TBT: Ballet Recital, 1983

Connor and I were watching the episode of Mister Rogers’ Neighborhood where Mr. Rogers visits the Dance Theatre of Harlem. Of course, I mentioned to Connor that Mommy used to take ballet class when she was little — and, of course, he wanted to see pictures.

Mom, Memaw, and me before my ballet recital

I took ballet class at Laura Penton’s Academy of Classical Ballet (later renamed the Medina Academy of Classical Ballet, now long since gone) from when I was four years old to when I was eight. Over those four years, I performed in three recitals (we moved to Florida in 1984 just before what would have been my final recital), but I could only find photos of my last recital from 1983, when I was seven — the one with the purple sequined leotard and tutu with the magic wand and matching star tiara.

All the snapshots of my actual dance recitals involve me looking like I’m out of sync with everyone else, in addition to being a head taller than all most of the other girls. My mother insists that this is because all the other girls were taking their cues from me. I think she’s just saying that because she’s my mother.

I'm the tall one on the end.

(Now that I look closer, though, none of us are really in sync, and we all look very serious, like we’re concentrating with all our seven-year-old might. And none of us have particularly good turn-out — of all my memories of ballet class, I recall our teacher harping on us the most about that.)

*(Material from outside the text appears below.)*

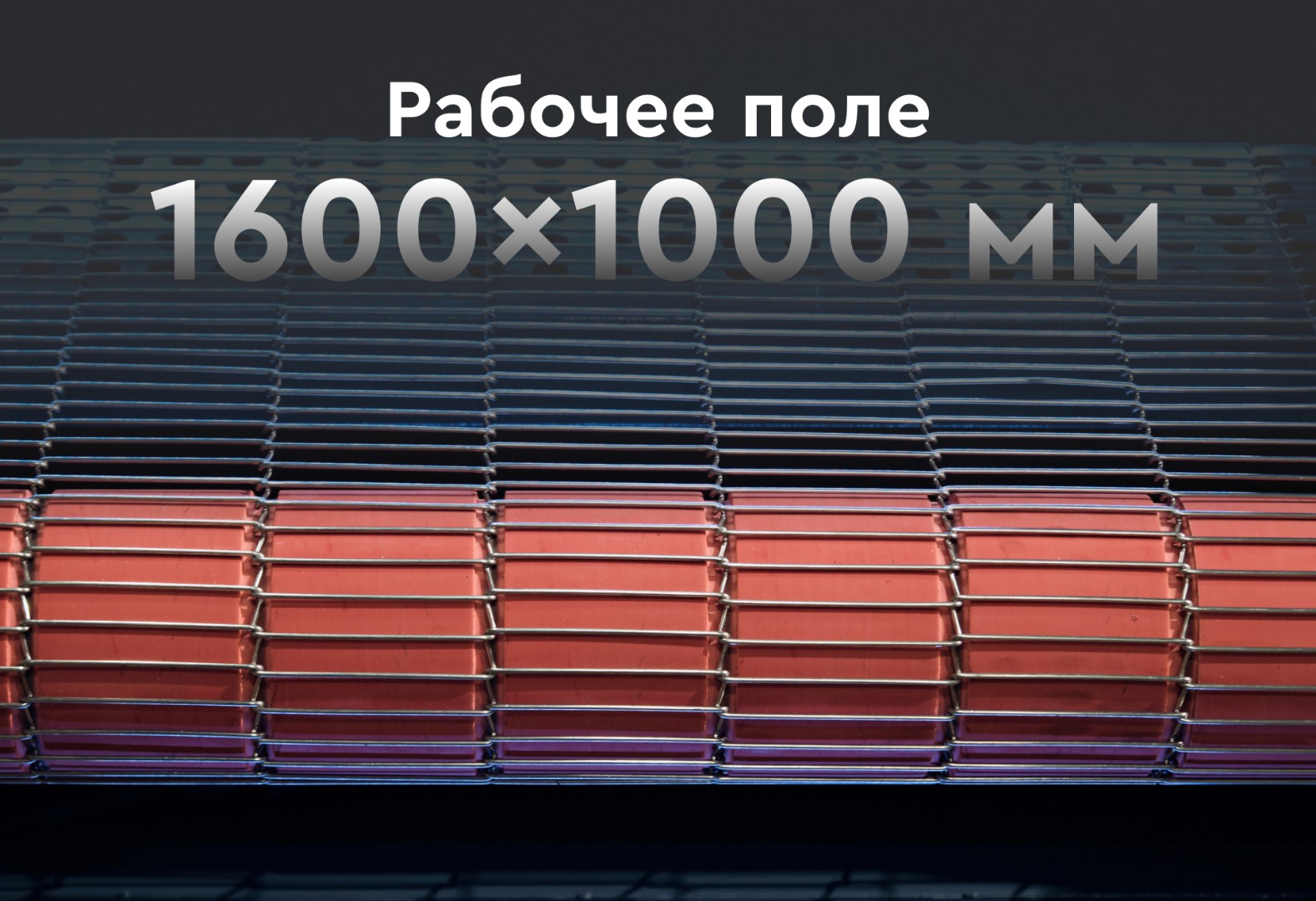 Имеет универсальный размер рабочего поля 1600х1000, так как ширина большинства рулонов не превышает 155 см.
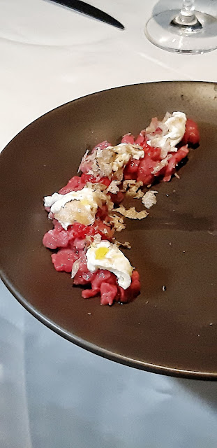 生牛肉他他伴紅桑子、水牛芝士及黑松露

I also wonder if future generations whose major life moments were captured on early digital cameras or cell phone cameras will experience the same kind of technology regret that I feel when I look at these old pics from my Mom’s 110 Instamatic. There’s something kind of meta there, too, though… some parallel between the fuzzy memory and the fuzzy picture. Try as you might, some details just can’t be recalled exactly as they were.

TBT: Thunderstorms

I’ve written about this a few times before — probably because the memory is so vivid and special to me.

– – – – –

One of my first vague memories is of being cradled in my mother’s arms, standing in the open front doorway. I could smell and feel the rain, and hear it, and hear the thunder, and all the while my mother was telling me how beautiful it was.

– – – – –

I remember the feel of the mist on my face, the sound of occasional thunder and the flash of lightning, the constant patter of rain, and the clean smell on the wind. As I got older, Mom would stand with me at the door, and I remember her telling me how pretty the rain is.

– – – – –

It was always dark — but the dark of an encroaching storm, rarely of night. The mist would barely brush our faces, along with a sweet, cool breeze.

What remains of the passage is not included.